Are the colored people accumulating property? This is a question often asked by the interested friends of the A. M. A. work. Let two facts emphasize the affirmative to this question. In Oaks, N. C., the colored people have purchased more than five hundred acres of land and built their comfortable cottages around the A. M. A. school and church. When we remember that the average wages of a working man in that region is not above ten dollars a month, and that the average colored family is not fashionably small, the purchase of this real estate proves that they have carefully economized their scanty earnings. Take another fact: In Thomasville, Ga., the colored people paid taxes on three thousand one hundred dollars worth of property in 1880. In 1885, this same people paid taxes on ninety-five thousand six hundred and six dollars worth of property. In five years they had multiplied their taxable property more than thirty times. This represents no unhealthy “boom” in real estate, but an actual increase in the accumulations of the colored citizens of this flourishing and beautiful Southern city. The colored people have been given a fair chance in Thomasville, and this is the use they have made of it. The readers of this magazine will remember the generous gift of Judge H. W. Hopkins, Mayor of Thomasville, of a beautiful site for buildings of the Conn. Industrial School. A fine building has been erected upon this site and in a few weeks it will be ready for occupancy. There is intense interest in the community and surrounding neighborhood in this new school. It will doubtless be crowded as soon as opened. It is to be an industrial school for girls.
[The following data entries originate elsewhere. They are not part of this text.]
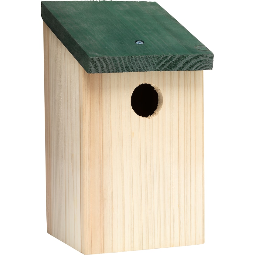 Vogelhaus aus echter Kiefer. Ideal für kleine Vögel wie Spatzen und Meisen. Das Dach kann geöffnet werden und an der Rückseite befindet sich eine Aufhängeschlaufe. Funktioniert im Garten oder auf dem Balkon gleichermaßen gut.
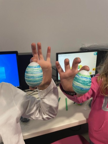 27 Απριλίου 2022Πώς λέτε να τίμησαν το Πάσχα τα παιδιά μας του τμήματος Πληροφορικής, Πολυμέσων & Ρομποτικής; Έβαψαν τα δικά τους πρωτότυπα αυγά! Με τον κατάλληλο εξοπλισμό LEGO κατασκεύασαν μια σούβλα και ο κάθε μαθητής έβαλε τις δικές του πινελιές στα πασχαλινά αυγά.
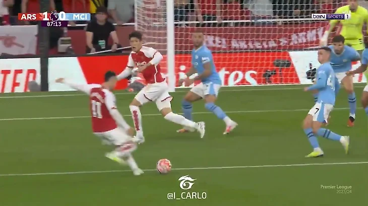 Победный мяч влетел в ворота «Сити» на 86-й минуте. Габриэл Мартинелли подхватил мяч у штрафной и решился на удар. Мяч попал в лицо Натану Аке, сильно изменил направление и дезориентировал Эдерсона – у него уже не было шансов среагировать.
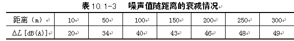 | 由上式可计算出噪声值随距离衰减情况(表10.1-3)。 |
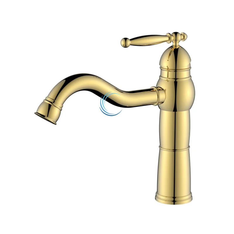 ברז פרח ענתיק לכיור אינטגרלי זהב מבריק
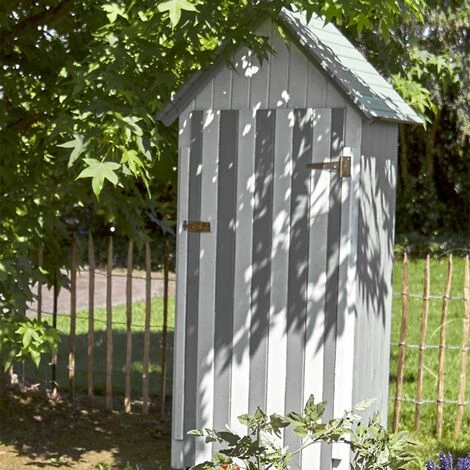 Armoire de jardin Wissant assemblée à partir de bois de pin. Avec 1,93 mètre de hauteur, sa surface utile de 0,44 m3 et ses 3 étagères elle offre un bel espace de rangement à l’extérieur de votre habitation.
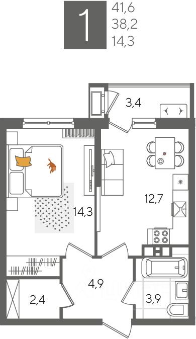 В продаже 1-комнатная квартира от застройщика! ЖК "Рекорд" 2 очередь, г. Краснодар, Литер 5 Срок сдачи: 4 кв. 2026, общей площадью 41.6 кв.м., на 4 этаже.

“Far removed from arts æsthetic,
Crewel-work and peacock fans,
Are the studies dietetic
Carried on mid pots and pans.”
A trustworthy friend overheard the following remark, made by a lawyer in the office of a Southern hotel: “I have seen a miracle to-day,” said this lawyer. “I have actually seen a white man convicted of murder and sentenced to be hanged for killing a nigger. I never expected to witness such a thing in this State.” What a fearful comment on the injustice of these courts of justice in the past! What horrible suggestiveness of unpunished crimes! But there is in it, too, hopefulness for the future.
At Lewis Normal Institute, Macon, and at Storrs School, in Atlanta, the number of pupils is limited only by the capacity of the school-rooms to hold them. In Macon, Bro. Wharton, whom I left in Savannah, when I pushed southward into Florida, was holding special services under the direction of the pastor. God’s spirit was blessing his efforts and many were daily seeking the way of life. It has been a year of great religious awakening throughout our entire field.
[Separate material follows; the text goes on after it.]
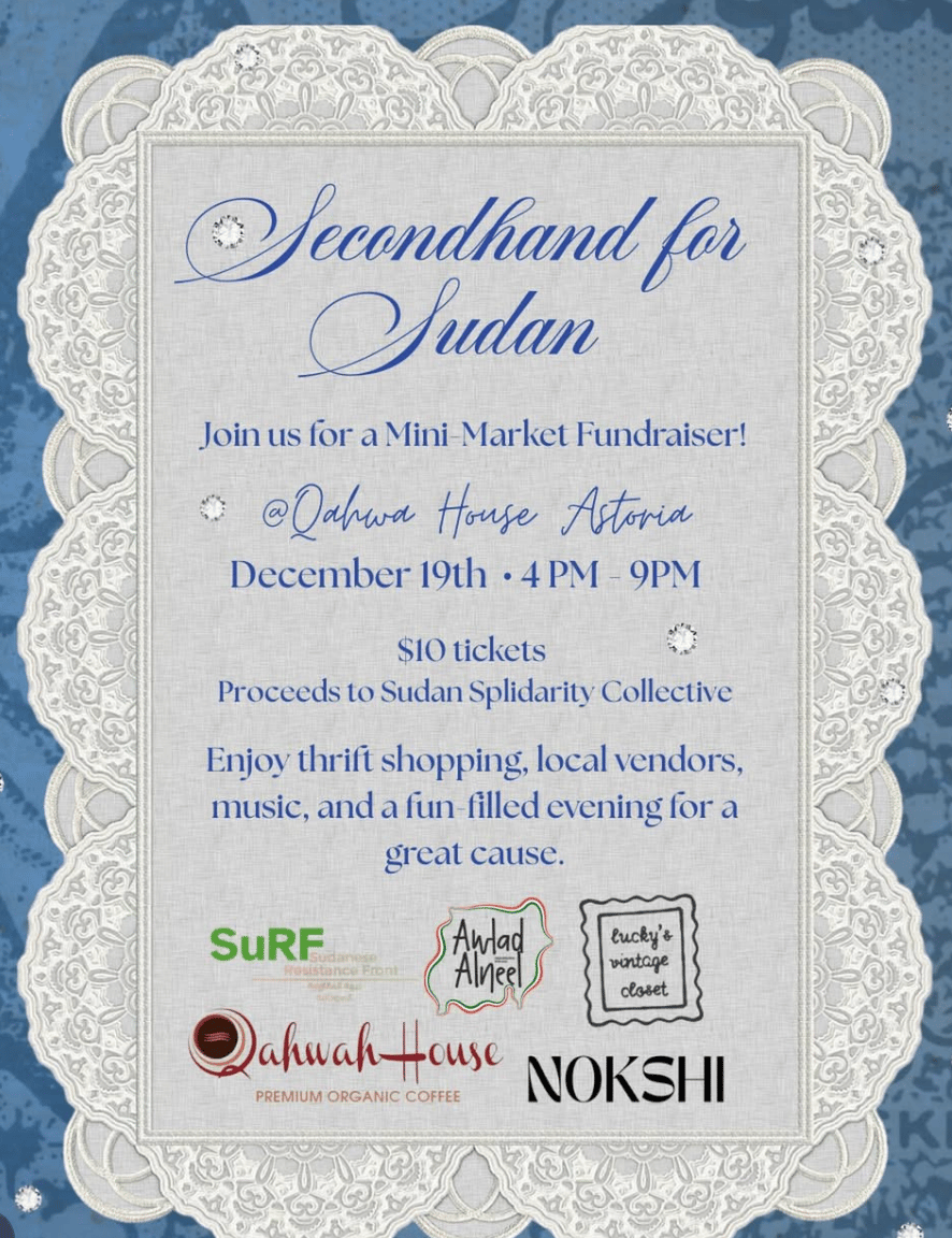 Thrift lovers & community supporters, this one’s for you! an evening of shopping, oud performance, and solidarity. We couldn’t get much info about the vendors but it’s a noble cause that needs our support. All ticket proceeds + a portion of every vendors sales will go straight to the Sudan Solidarity Collective.

A beautiful gold locket was put into my hands by an earnest Christian woman, a very saint of God, as her gift to the work of the A. M. A. Blindness had come upon her slowly, month after month, and she could no longer see the picture-faces in the locket, so she had them removed, and gives the locket into our treasury. Who will redeem it, that this touching sacrifice may accomplish for God’s poor that which she who made it prayed it might?